A broker receives messages, stores them, and delivers them to consumers. In systems such as Pulsar and Kafka, the broker also manages topics and partitions.

A topic is a named stream of related messages. A topic should represent a clear category of events, such as route assignment events or driver alert events.

A partition is a subdivision of a topic. Partitions allow parallel reads and writes while keeping order inside each partition. If ordering matters for a specific route, vehicle, or assignment, choose a stable key so related messages go to the same ordered path.

A subscription tells the broker how a consumer group reads from a topic. A shared subscription allows multiple consumer instances to process messages in parallel. A failover subscription keeps standby consumers ready when the active one fails.

A Dead Letter Queue, usually called a DLQ, stores messages that repeatedly fail processing. A DLQ prevents poison messages from blocking a topic forever.

Design Events as Published Contracts

An event is not a remote procedure call. It should not say, "please notify this driver now." It should describe a fact that already happened, such as a route assignment being recorded or an alert being requested.

A good event contract is small, stable, and useful to consumers. Avoid publishing your internal database shape. Every field you expose becomes something another team may depend on.

For a route assignment event, the shared contract might contain these fields:

Field	Purpose
allocation_id	Stable identifier for this assignment event
vehicle_id	Vehicle involved in the assignment
driver_id	Driver who should receive assignment-related alerts
route_id	Route involved in the assignment
occurred_at	Time when the event happened
event_type	Name used for routing, logs, and diagnostics

A notification topic should not receive the full route assignment event unless the notification service truly needs every field. A cleaner design is to publish a separate driver alert event with only notification-related information. This keeps the notification topic focused and prevents the notification service from depending on assignment internals.

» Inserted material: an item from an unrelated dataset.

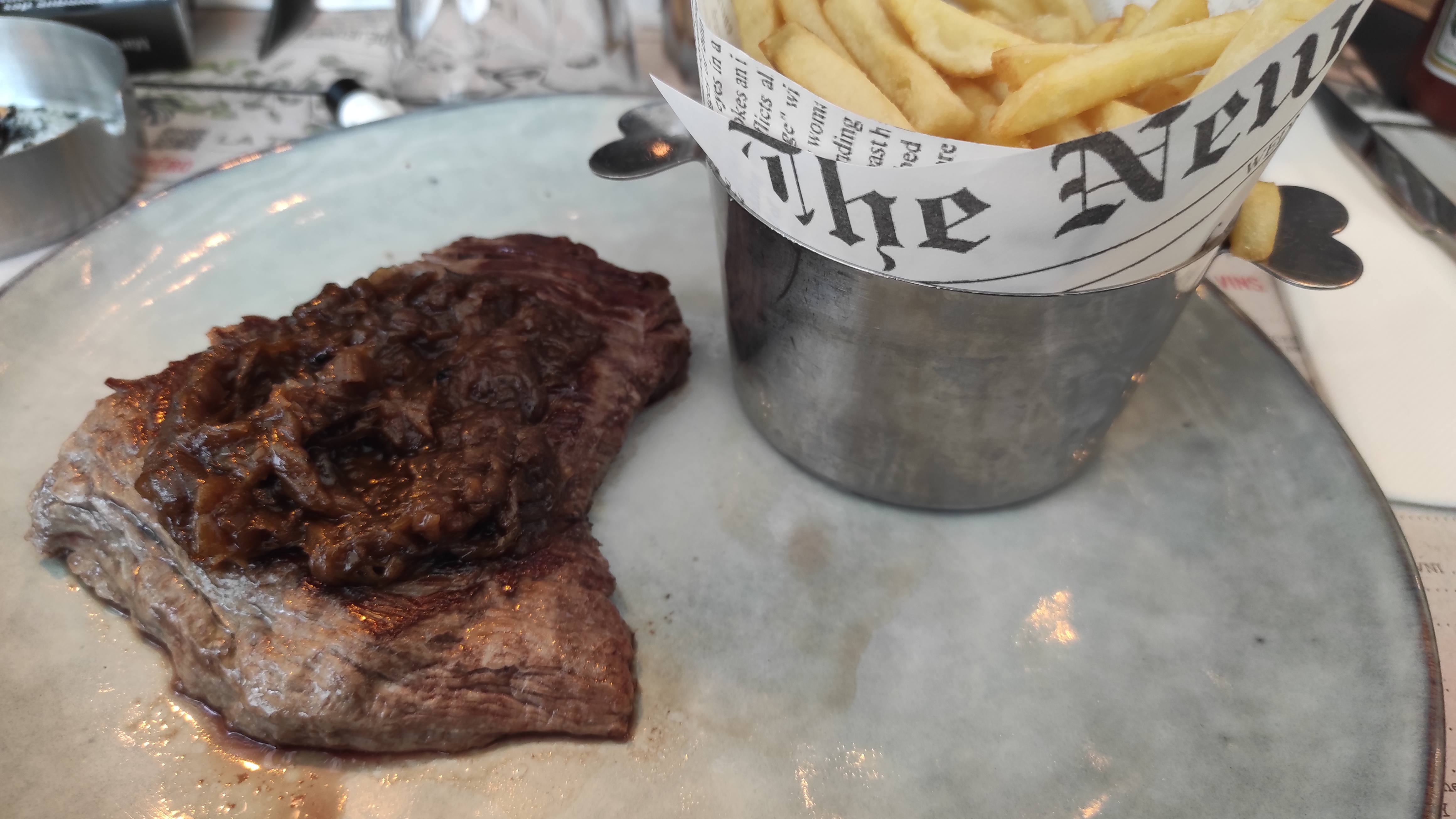 Beaucoup de monde, j'ai pris une bavette saignante que j'ai reçu bleu, les frites n'était pas assez cuite. Pour louper des frites c'est le pompon. Er évidemment les prix reste dans la moyenne élevée. Emplacement pratique après un shopping. Une adresse pour un repas rapide mais sans plus.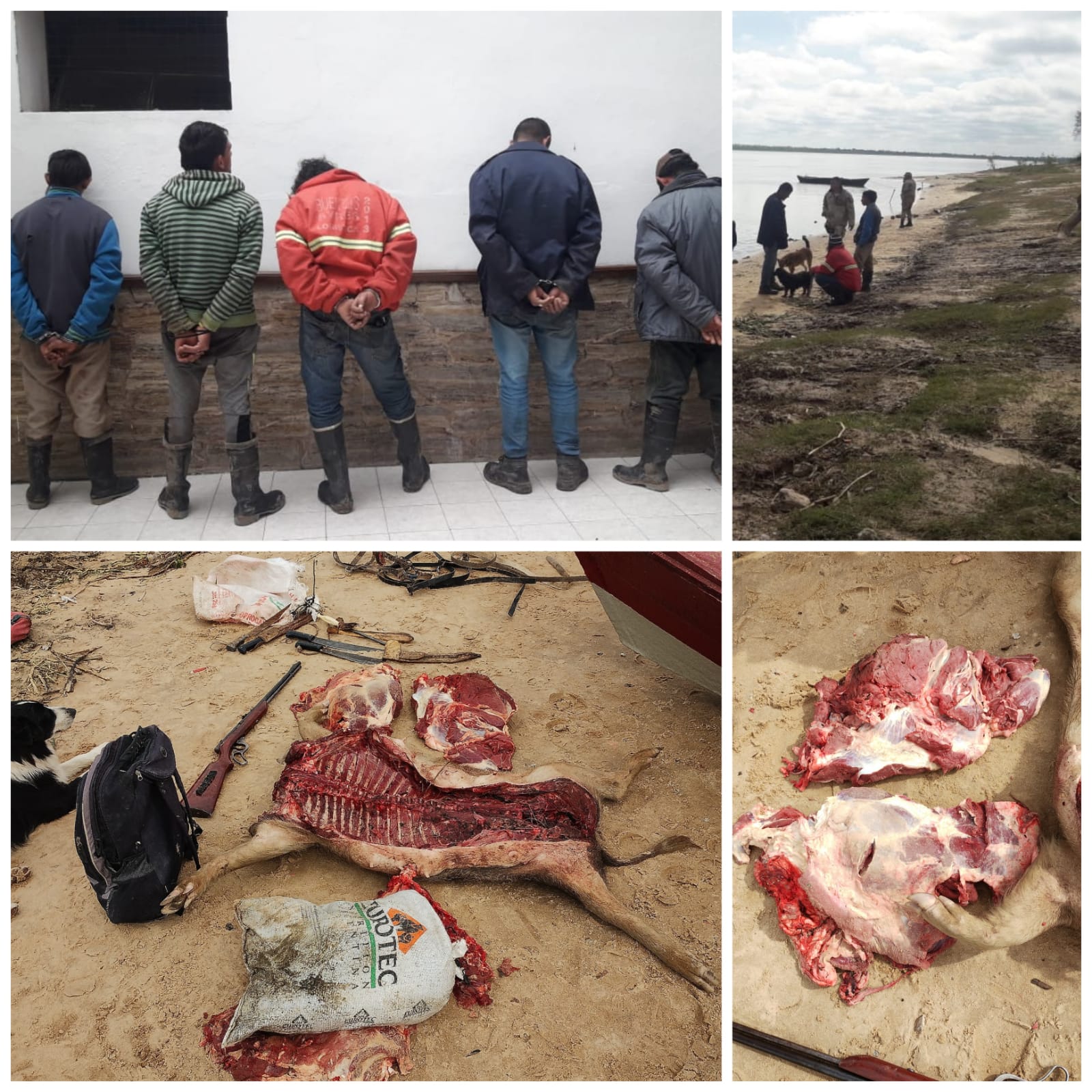 Las embarcaciones fueron interceptadas "con un total de cinco masculinos a bordo, las cuales fueron traídas a la costa por parte del personal de Prefectura, donde una vez en tierra, personal brigadista realizó una inspección y localizó en una canoa un arma de fuego calibre 22 sin documentación" y en la otra, "un animal de la fauna silvestre, chancho salvaje, y debajo de éste, diferentes cortes cárnicos de un animal vacuno, del cual los masculinos identificados no pudieron acreditar la procedencia y propiedad", informaron desde la Brigada de Abigeato.

Avro as the Shared Language

When multiple services exchange messages, raw byte arrays are not enough. Consumers need to know which fields exist, what type each field has, and how compatibility works when the message evolves.

Avro provides a compact schema-based format for structured messages. In a Pulsar-based design, the broker enforces schema compatibility. When a producer or consumer registers an incompatible schema, creation of that producer or subscription should fail early instead of letting bad data move through production.

A safe schema evolution strategy is to add new fields with defaults. That allows newer consumers to read older messages because the missing field can be filled with a known value. Removing or renaming fields is much riskier because existing consumers may still expect them.

You can generate Go types from Avro schema files so your application works with typed structs instead of unstructured data. A typical workflow looks like this:

go install github.com/hamba/avro/v2/cmd/avrogen@latest
~/go/bin/avrogen -pkg streamports -o internal/streamports/generated_events.go schemas/*.avsc

The generated structs become part of your application boundary. Regenerate them when schemas change, and run compatibility checks before deployment.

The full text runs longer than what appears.